2) I think is (ww)^* which means that it is a word that read from the early to mid is the same when read to the end of the half. But I can not generate the language

[abzero]

again, it's been too long since i've looked at that syntax...Anyway if what it means that w is a word, and the language is ww*..
So these are valid:

aa
aaa
abab
ababab
abbabbabb
aabaab
etc...

If you think about it, what that is saying is that the original pattern matched needs to be re-matched. Or the second part of the grammer depends on the context of the first.
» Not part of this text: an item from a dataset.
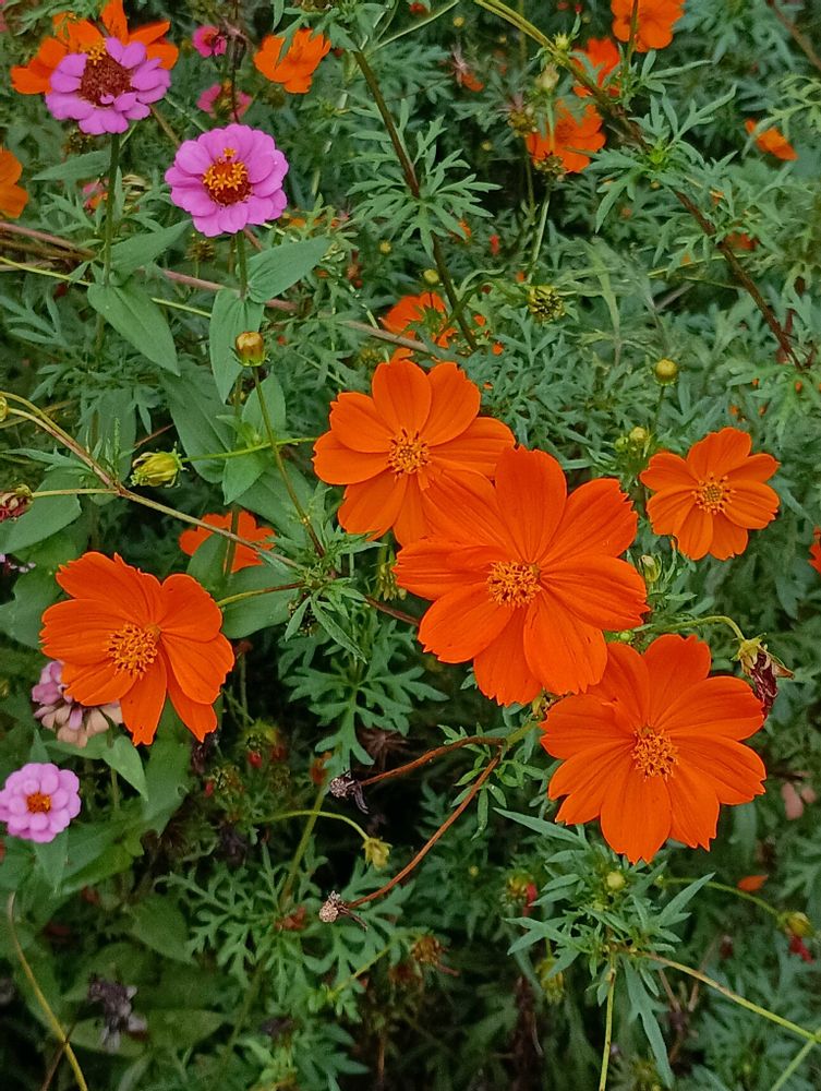キバナコスモス&ジニア🧡💗🌿

Do you think in a context free grammar you'd be able to match it?

But if I'd mis-interrupted the question I may be wrong.

[bobdark]

1) take out S->a,S->b

2) of course you couldn't find the grammar - its not a context free language.
Theres a proof:
Pumping lemma for context free grammars:
If a language L is context-free, then there exists some integer p > 0 such that any string s in L with |s| ≥ p (where p is a pumping length) can be written as
s = uvxyz with substrings u, v, x, y and z, such that |vxy| ≤ p, |vy| ≥ 1, and
uv nxy nz is in L for every integer n ≥ 0.now lets assume that L2 is indeed context free, thus such p exists for L2. Consider the word: a^(p)b^(p)a^(p)b^(p), i.e. w=p times 'a' then p times 'b', and we're talking about word t=ww.
now according to the lemma, t can be broken into substrings t=uvxyz, such that |vxy|<=p and |vy|>0.
lets break it into cases:
1) vxy falls in the first p a's - then if we take any n=3, uv^(n)xy^(n)z=a^(p+4)b^(p)a^(p)b^(p) and it is not of form ww, thus not in L2.

2) lets treat it as a general case, if vxy falls in the first w from ww, we can take any n>1, and uv^nxy^nz wont be in L2, because we "pump" only the first w, thus breaking the symmetry.

3) same goes if vxy falls in the second w.

4)last case, vxy falls in the middle, i.e. under some part of first w(lets call it w1) and under some part of w2. Notice though, that in this case the part of w1 that vxy falls under, will consist of b's only because there are p b's in latter part of w1. In the same way, the part of w2 that vxy falls under will consist only of a's. Thus for any n>1 we will increase number of b's in w1 and number of a's in w2, thus again breaking the symmetry, and resulting in uv^nxy^nz not in L2.

pretty long but i hope i convinced you.

[Apprentice123]

abzero said:

again, it's been too long since i've looked at that syntax...Anyway if what it means that w is a word, and the language is ww*..
So these are valid:

aa
aaa
abab
ababab
abbabbabb
aabaab
etc...

If you think about it, what that is saying is that the original pattern matched needs to be re-matched. Or the second part of the grammer depends on the context of the first. Do you think in a context free grammar you'd be able to match it?

But if I'd mis-interrupted the question I may be wrong.

I think the second part of the grammar (the second w) equals the first part (the first w) or empty
Is not it?

[abzero]

@bobdark 's got it (cheers). The point of the question is to show you that some things can't be parsed. Do you see why you can't create a grammar for it?

[Apprentice123]

I'm not managing to create the grammar just do not see why.

[bobdark]

Apprentice123 said:

I'm not managing to create the grammar just do not see why.

because such doesn't exist :/

[Apprentice123]

Thanks. And the language:

L3 = {w | w regular expression is about {x} }

Which means: it is about regular expression {x} ? I can generation a context-free grammar ?